◆ TASK DATA:
= Beginning of Section =

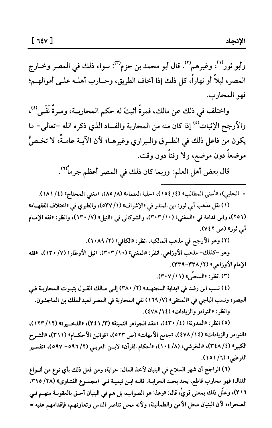 (¬4) نسب ابن رشد في «بداية المجتهد» (2/380) إلى مالك القول بثبوت المحاربة في المِصر، ونسب الباجي في «المنتقى» (7/169) نفي المحاربة في المصر لعبد الملك بن الماجشون.
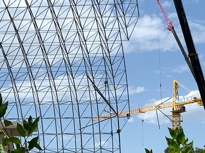 (1)本工程網架采用“山墻起步+錐體高空散裝法”進行安裝,即先安裝1軸山墻網架(含相鄰跨網架)作為整個網架的起步網架,然后從起步網架開始依次往17軸方向對網架進行高空散裝,***后安裝17軸山墻網架,***終安裝完成整個網架。
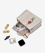 Túi xách tay form Satchel cổ điển tối giản được cắt may trên nền da thật có vân tự nhiên cao cấp. Túi đính kèm phụ kiện Key chain bằng da với tạo hình Cá cách điệu mang lại nét trẻ trung hiện đại. Quai xách thanh mảnh là điểm nhấn cho các cô nàng yêu thích nét nữ tính dịu dàng.
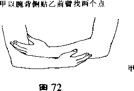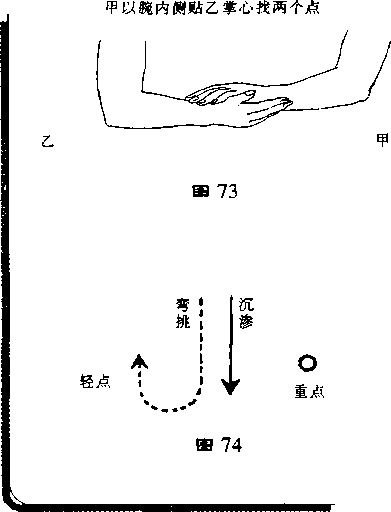 无论手心向上或向下与对方接 手时,都要用腕部贴向对方掌心或前 臂(图72、73)。若腕部贴扶在对方前 臂上,就在接触处找一个力点和一个 轻点(先找哪个点都可)。找点时,不 要用腕部向前压或向后沉,而是意想 出现两个点;我之内劲通经前臂似流 水般向两点之间的缝隙中沉渗,再顺 ■ 着沉渗劲的流势而轻轻地向前上挑 时起,将对方发出。(图74)
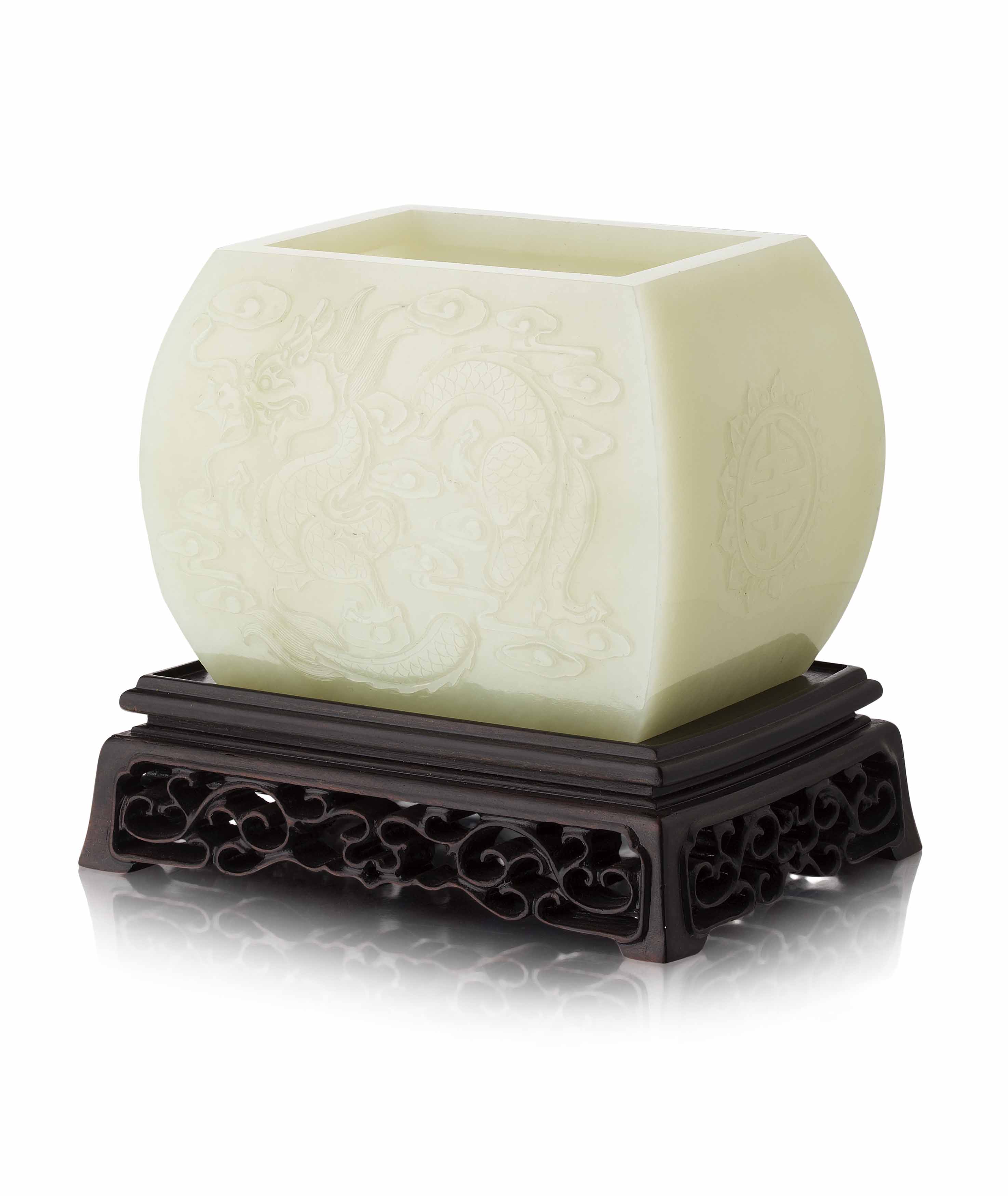WHITE JADE BOMBÉ-FORM 'DRAGON AND PHOENIX' BRUSH WASHER
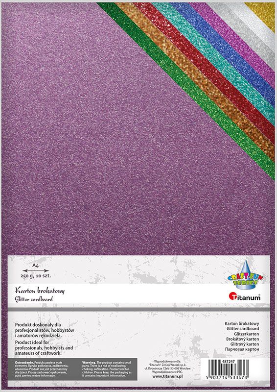 Karton brokatowany A4 10 kolorów 250gKarton brokatowany 250g, format A4, 10 kolorów. |
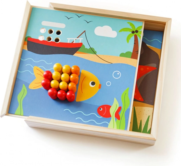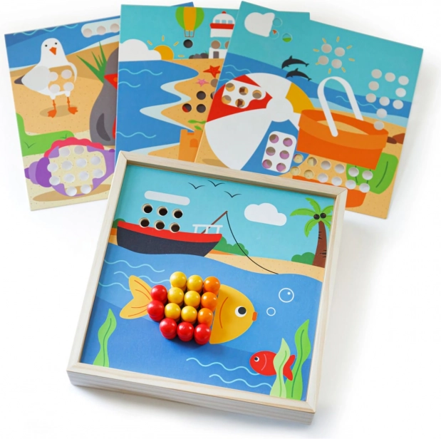 Odkryj zabawną mozaikę z motywem plaży, która rozwija dziecięcą wyobraźnię i umiejętności. Zawiera 4 obrazki i 96 kołeczków w 8 kolorach, które dzieci układają na wieczku praktycznego pudełka. Zabawa wspiera rozpoznawanie kolorów, motorykę małą, koncentrację oraz logiczne myślenie. Wykonana z wysokiej jakości, odpowiedzialnie pozyskiwanego drewna – przyjemnego w dotyku i idealnego w podróży.

= End of Section =

◆ GOAL OF THE EXERCISE: Go through the material above and repeat it exactly. Omit the pictures.

◆ YOUR RESPONSE:
 (¬4) نسب ابن رشد في «بداية المجتهد» (2/380) إلى مالك القول بثبوت المحاربة في المِصر، ونسب الباجي في «المنتقى» (7/169) نفي المحاربة في المصر لعبد الملك بن الماجشون.
 (1)本工程網架采用“山墻起步+錐體高空散裝法”進行安裝,即先安裝1軸山墻網架(含相鄰跨網架)作為整個網架的起步網架,然后從起步網架開始依次往17軸方向對網架進行高空散裝,***后安裝17軸山墻網架,***終安裝完成整個網架。
 Túi xách tay form Satchel cổ điển tối giản được cắt may trên nền da thật có vân tự nhiên cao cấp. Túi đính kèm phụ kiện Key chain bằng da với tạo hình Cá cách điệu mang lại nét trẻ trung hiện đại. Quai xách thanh mảnh là điểm nhấn cho các cô nàng yêu thích nét nữ tính dịu dàng.
 无论手心向上或向下与对方接 手时,都要用腕部贴向对方掌心或前 臂(图72、73)。若腕部贴扶在对方前 臂上,就在接触处找一个力点和一个 轻点(先找哪个点都可)。找点时,不 要用腕部向前压或向后沉,而是意想 出现两个点;我之内劲通经前臂似流 水般向两点之间的缝隙中沉渗,再顺 ■ 着沉渗劲的流势而轻轻地向前上挑 时起,将对方发出。(图74)
WHITE JADE BOMBÉ-FORM 'DRAGON AND PHOENIX' BRUSH WASHER
 Karton brokatowany A4 10 kolorów 250gKarton brokatowany 250g, format A4, 10 kolorów. |
 Odkryj zabawną mozaikę z motywem plaży, która rozwija dziecięcą wyobraźnię i umiejętności. Zawiera 4 obrazki i 96 kołeczków w 8 kolorach, które dzieci układają na wieczku praktycznego pudełka. Zabawa wspiera rozpoznawanie kolorów, motorykę małą, koncentrację oraz logiczne myślenie. Wykonana z wysokiej jakości, odpowiedzialnie pozyskiwanego drewna – przyjemnego w dotyku i idealnego w podróży.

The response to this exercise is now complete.